Floating production systems (FPS) remain in demand despite their comparatively high cost and other risks and challenges, including financing and keeping up with demand.
For remote deepwater regions in particular, they often represent the most favorable production option. And while operators continue to invest more cautiously, especially when it comes to capital-intensive projects, stronger oil prices have made new offshore production more attractive than it was in the second half of the 2010s, bolstering demand for new FPS units.
“Brazil remains the hot spot for FPSOs.” Mark Adeosun, Westwood Global Energy Group.
Expectations FPSO activity will remain comparatively strong in the coming five years or so. Westwood Global Energy Group is tracking 79 units globally that are anticipated to start production between now and 2028. Westwood also counted 34 newbuilds, 23 conversions and 22 upgrades or redeployments.
“Of these, 44 units are already under construction,” Mark Adeosun, a Westwood director, told Hart Energy.
Westwood expects 15 units – comprising three newbuilds, three conversions and nine upgrades or redeployments – to be awarded in 2023. Another consultancy, Wood Mackenzie, has similar expectations.
“In terms of sanctions, we expect awards to remain higher than historical averages through 2023 and 2024, with 14 and 15 FPS awards, respectively, before decreasing towards the end of the decade,” WoodMac analyst Catarina Podevyn told Hart Energy.
However, Rystad Energy reported more modest expectations, estimating that nine FPSOs will be sanctioned this year and 10 in 2024. Nonetheless, a Rystad analyst, Edvard Christoffersen, told Hart Energy that this represented relatively high levels of activity. And while Rystad then expects activity levels to decline in the subsequent years, this forecast will be affected by factors such as oil price trends.
Obstacles and roadblocks
The analysts expressed similar views on potential obstacles that could slow or even derail activity. In the short term, the capacity of yards to meet demand for newbuild FPSOs was flagged as a significant challenge.
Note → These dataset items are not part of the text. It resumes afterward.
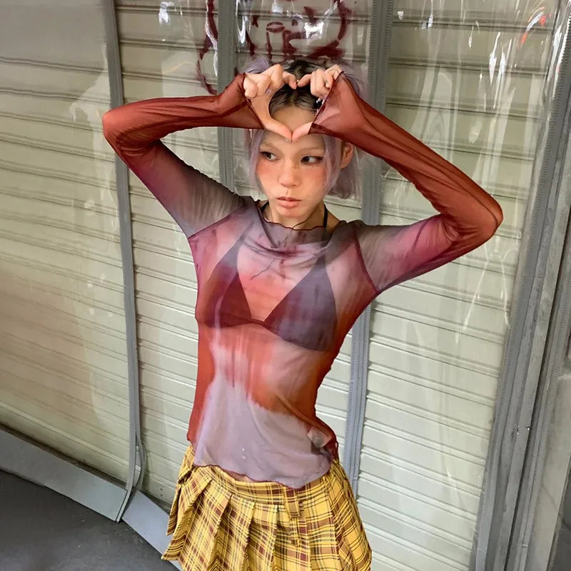 Y2K Transparent Mesh Top in Japanese Style of the 2000s
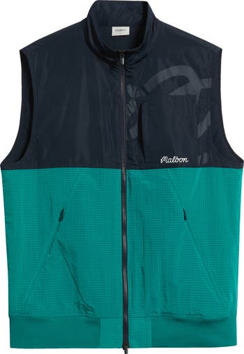 This hybrid two-panel vest made with a two-way front zipper and concealed zip pockets is topped with a stand collar to block the wind.
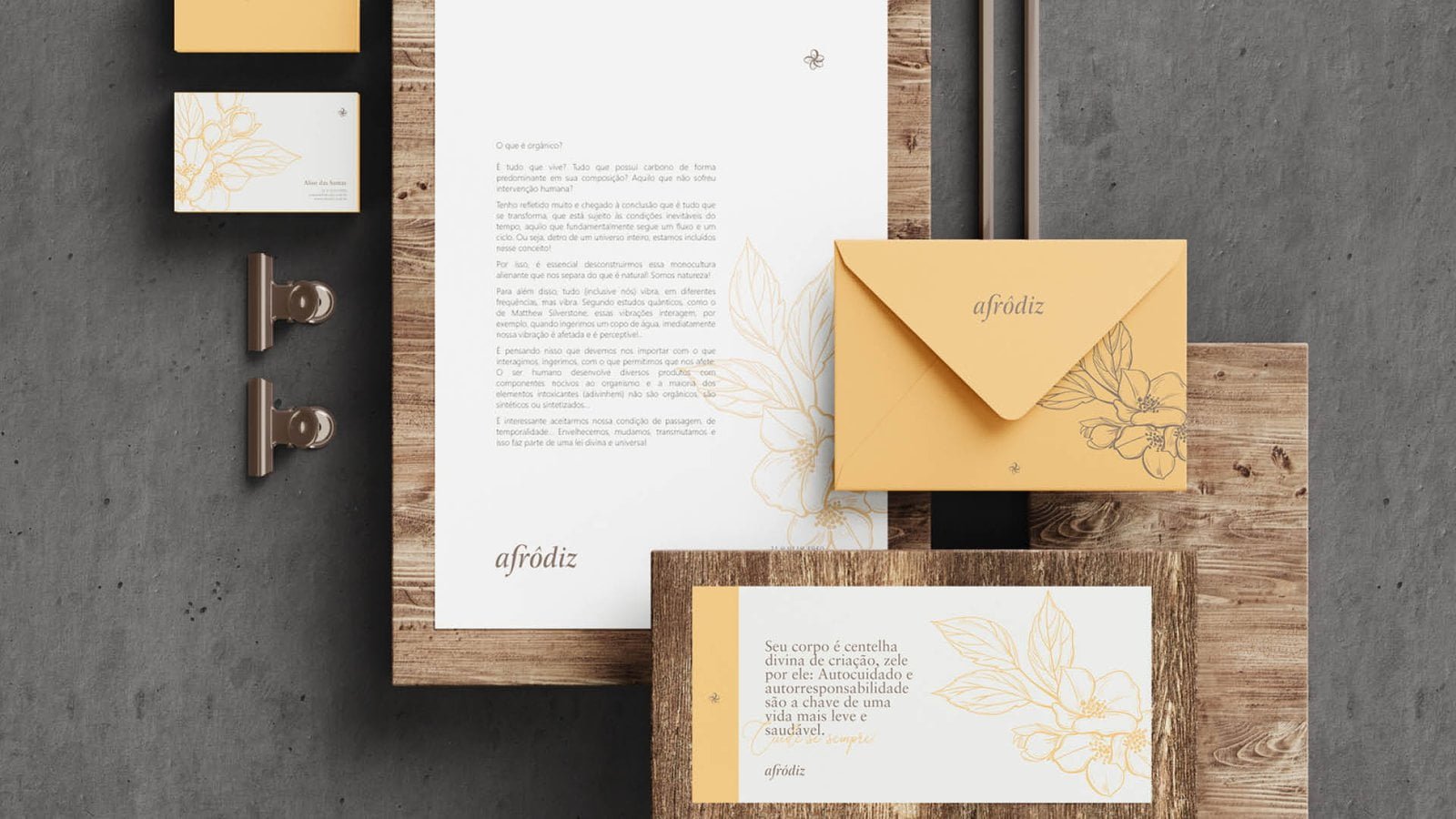 A Afrôdiz busca ser referência como uma marca de saberes essenciais à uma vida saudável e equilibrada, construindo a imagem personificada de uma senhora preta, afro-brasileira, sábia, experiente e acolhedora. Com base nessa premissa, a Afrôdiz, a marca aborda em uma proposta tipográfica para transcender a referência de sabedoria e experiência, juntamente, com intervenções nas letras que remetem ao acolhimento e cuidado.
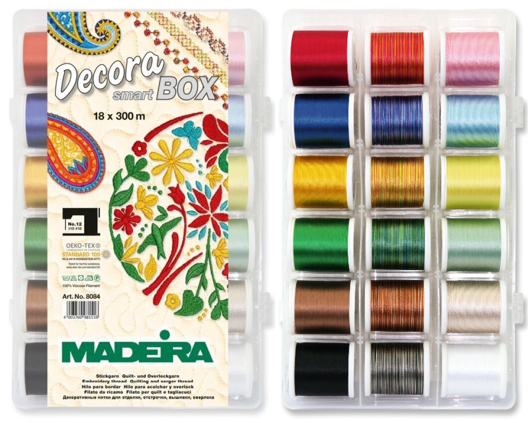 Vyšívacia niť Madeira Decora box (18x300m) je prenosný box, ktorý obsahuje 18 ks viskózových vyšívacích nití. 12 v návine 300 mv efektívnych farbách.
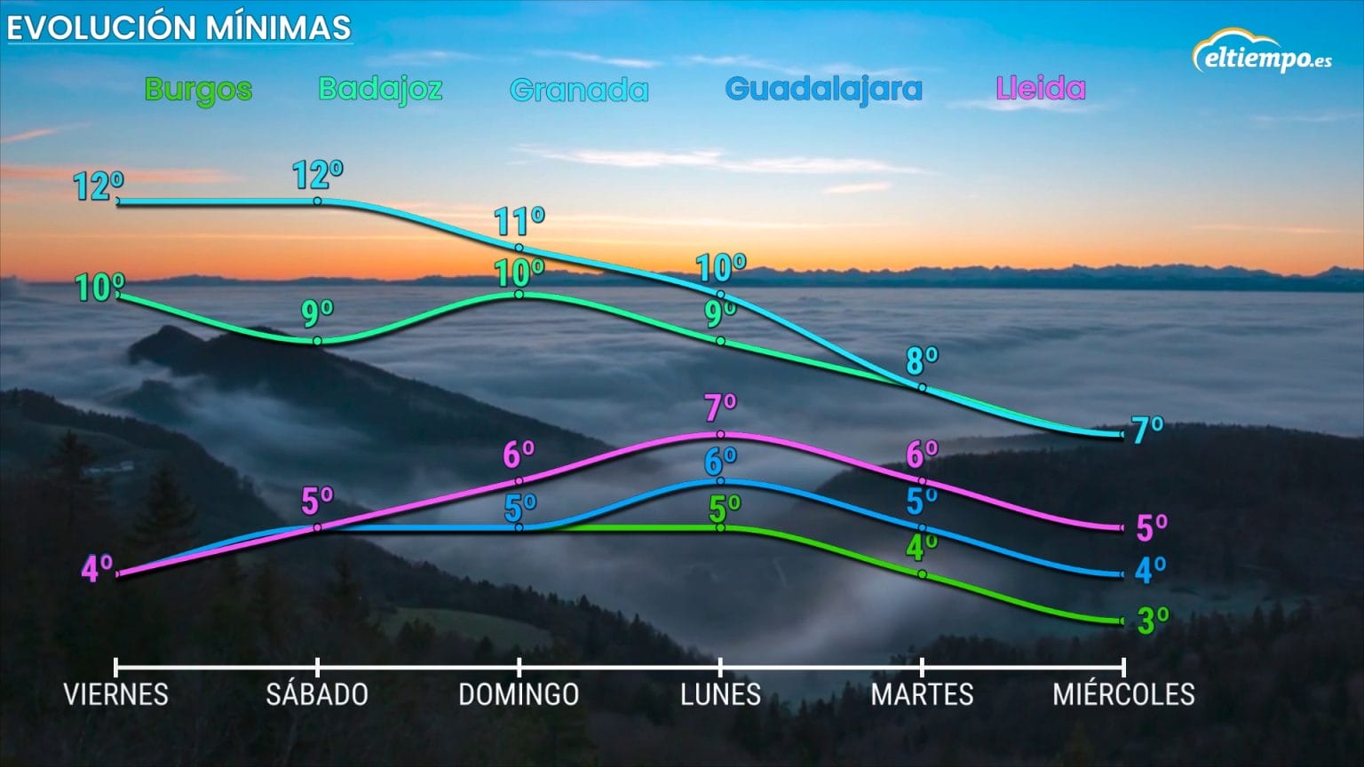 L’iviernu meteorolóxicu arrinca esti domingu n’España con un nuevu frente y una vaguada. Tres díes d’estabilidá, el domingu podríen llegar agües coincidiendo col entamu d’avientu y del iviernu meteorolóxicu. Ente’l llunes y el martes va entrar aire frío tres el frente del domingu, que va baxar los termómetros. El domingu espera la llegada d’un frente y tres él, averaríase una vaguada y xuna masa d’aire más frío
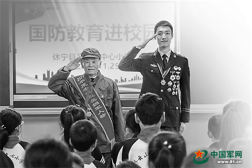 安徽省“最美擁軍人物”、退役軍人姚華亮(左敬禮者)與剛退役的二等功臣李明臣攜手走進(jìn)校園,共同開(kāi)展國(guó)防教育。黃亞明攝

“With a high number of awards expected over 2023 [to 2024], bottlenecks at yards is a potential issue,” Podevyn said. “We’re also seeing an increasing utilization of redeployed FPSOs in particular, and the availability of existing facilities to meet this demand could also become a roadblock.”
Podevyn also cited rising costs and environmental and geopolitical factors as potentially posing a threat to FPSO activity levels. On top of this, the events of recent years have left operators acting far more cautiously, even as oil prices and demand have strengthened.
“With the market today and the difficulties in the supply chain — particularly with backlogs increasing, costs increasing and the ability to deliver being more difficult — there’s so much more scrutiny over investment dollars,” Andrew Thorburn, WoodMac’s global head of cost analysis, told Hart Energy.
Decarbonization targets and concerns are also playing into this increased scrutiny of new investments.
“Following the European Investment Bank announcement in 2019 to phase out lending to fossil fuel projects within two years, some banks have also stated that they will stop directly funding new oil and gas projects,” Adeosun said. “Some European banks are also under pressure from investors to significantly reduce their engagement with new oil and gas developments.”
As a result, financing capital-intensive projects such as those that involve building a new FPS is increasingly challenging.
“A trend is that there has been more usage of the public bond market to finance FPSOs,” Christoffersen said. He noted that while FPSOs have relatively low emissions compared with other types of production units, operators are nonetheless under growing pressure to demonstrate environmental credentials to obtain financing.
Over the longer term, there is also the question of how oil demand will evolve, which contributes to caution among operators.
“If you start to construct a new FPSO now with a lifetime of 20 years, then you’re basically gambling that this unit can produce oil for at least 20 years and this oil will be needed in the market, whereas we predict that oil demand will already start to decline within this decade,” Christoffersen said.
A number of operators are willing to make that gamble on long-term oil demand, however, judging by the current amount of activity.
The analysts pointed to a number of hotspots globally for FPS activity, with Latin America leading the way and West Africa also considered worth watching.
“Brazil remains the hot spot for FPSOs,” Adeosun said. “Opportunities also abound in Guyana, Namibia and Suriname.”
Podevyn said marketed activity is expected in the next two years offshore Guyana, with up to four FPSOs expected to be sanctioned by Exxon Mobil during 2023 and 2024.
“Elsewhere, increasing activity is expected offshore Angola with projects such as Agogo and Cameia. Activity in East and South East Asia remains strong, with four FPS awards expected in 2023, and these will be led by smaller redeployed FPSO units,” she said. “In terms of operators, interestingly Petrobras, which has always been the leading operator for FPS awards, will be overtaken by Exxon Mobil in 2023.”
Exxon Mobil Corp. is expected to award up to five floating platforms in 2023 and 2024, followed by Equinor with three awards, she added.